Le principe est analogue à celui de la critique de sources. Les détails d’un fait social sont si multiples et il y a tant de façons différentes de voir le même fait que deux observateurs indépendants n’ont aucune chance de se rencontrer sur tous les points ; quand deux affirmations présentent les mêmes détails dans le même ordre c’est qu’elles dérivent d’une observation commune ; les observations différentes divergent toujours sur quelques points. Souvent on peut tirer parti d’un principe a priori : si le fait était de nature à n’avoir pu être observé ou rapporté que par un seul observateur, c’est que toutes les sources dérivent de cette observation unique. Ces principes[179] permettent de reconnaître beaucoup de cas d’observations différentes et plus encore de cas d’observations reproduites.

[179] Il n’est guère possible d’étudier ici les difficultés spéciales d’application : quand l’auteur, cherchant à dissimuler son emprunt, a introduit des différences pour dérouter le public ; quand l’auteur a combiné des détails provenant de deux observations.

Il reste des cas douteux en grand nombre. La tendance naturelle est de les compter comme indépendants. C’est l’inverse qui serait scientifiquement correct : tant que l’indépendance des affirmations n’est pas prouvée, on n’a pas le droit d’admettre que leur concordance soit concluante.

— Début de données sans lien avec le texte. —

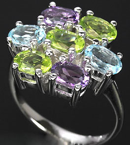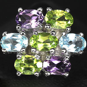 แหวนพลอยแท้หลากสี 7.45 กะรัตโทปาส เพอริดอดและแอเมทิสต์(3169)

C’est seulement après avoir établi le rapport entre les affirmations qu’on peut compter les affirmations vraiment différentes et examiner si elles concordent. Ici encore il faut se défier du premier mouvement : la concordance vraiment concluante n’est pas, comme on l’imaginerait naturellement, une ressemblance complète entre deux récits, c’est un croisement entre deux récits différents qui ne se ressemblent qu’en quelques points. La tendance naturelle est de regarder la concordance comme une confirmation d’autant plus probante qu’elle est plus complète ; il faut au contraire adopter la règle paradoxale que la concordance prouve davantage quand elle est limitée à un petit nombre de points. Ce sont les points de concordance de ces affirmations divergentes qui constituent les faits historiques scientifiquement établis.

2o Avant de conclure il reste à s’assurer si les observations différentes du même fait sont pleinement indépendantes ; car elles peuvent avoir agi l’une sur l’autre au point que la première ait déterminé les suivantes, et alors leur concordance ne serait plus concluante. Il faut prendre garde aux cas suivants :

1er cas. Les observations différentes ont été faites par le même auteur, qui les a consignées, soit dans un même document, soit dans des documents différents ; il faut alors des raisons spéciales pour admettre que l’auteur a vraiment refait les observations et ne s’est pas borné à répéter une observation unique.

2e cas. Il y a eu plusieurs observateurs, mais ils ont chargé l’un d’eux de rédiger un document unique : c’est le cas des procès-verbaux d’assemblées ; il faut s’assurer si le document représente seulement l’affirmation du rédacteur ou si les autres observateurs ont contrôlé sa rédaction.

3e cas. Plusieurs observateurs ont rédigé leur observation dans des documents différents, mais dans des conditions semblables ; il faut appliquer le questionnaire critique pour chercher si tous n’ont pas subi les mêmes causes de mensonge ou d’erreur (même intérêt, ou même vanité, ou mêmes préjugés, etc.).

Il n’y a de sûrement indépendantes que les observations contenues dans des documents différents, issus d’auteurs différents, appartenant à des groupes différents, opérant dans des conditions différentes. C’est dire que les cas de concordance pleinement concluante sont rares, sauf dans les périodes modernes.

La possibilité de prouver un fait historique dépend du nombre de documents indépendants conservés sur ce fait, et il dépend du hasard que les documents se soient conservés ; ainsi s’explique la part du hasard dans la constitution de l’histoire.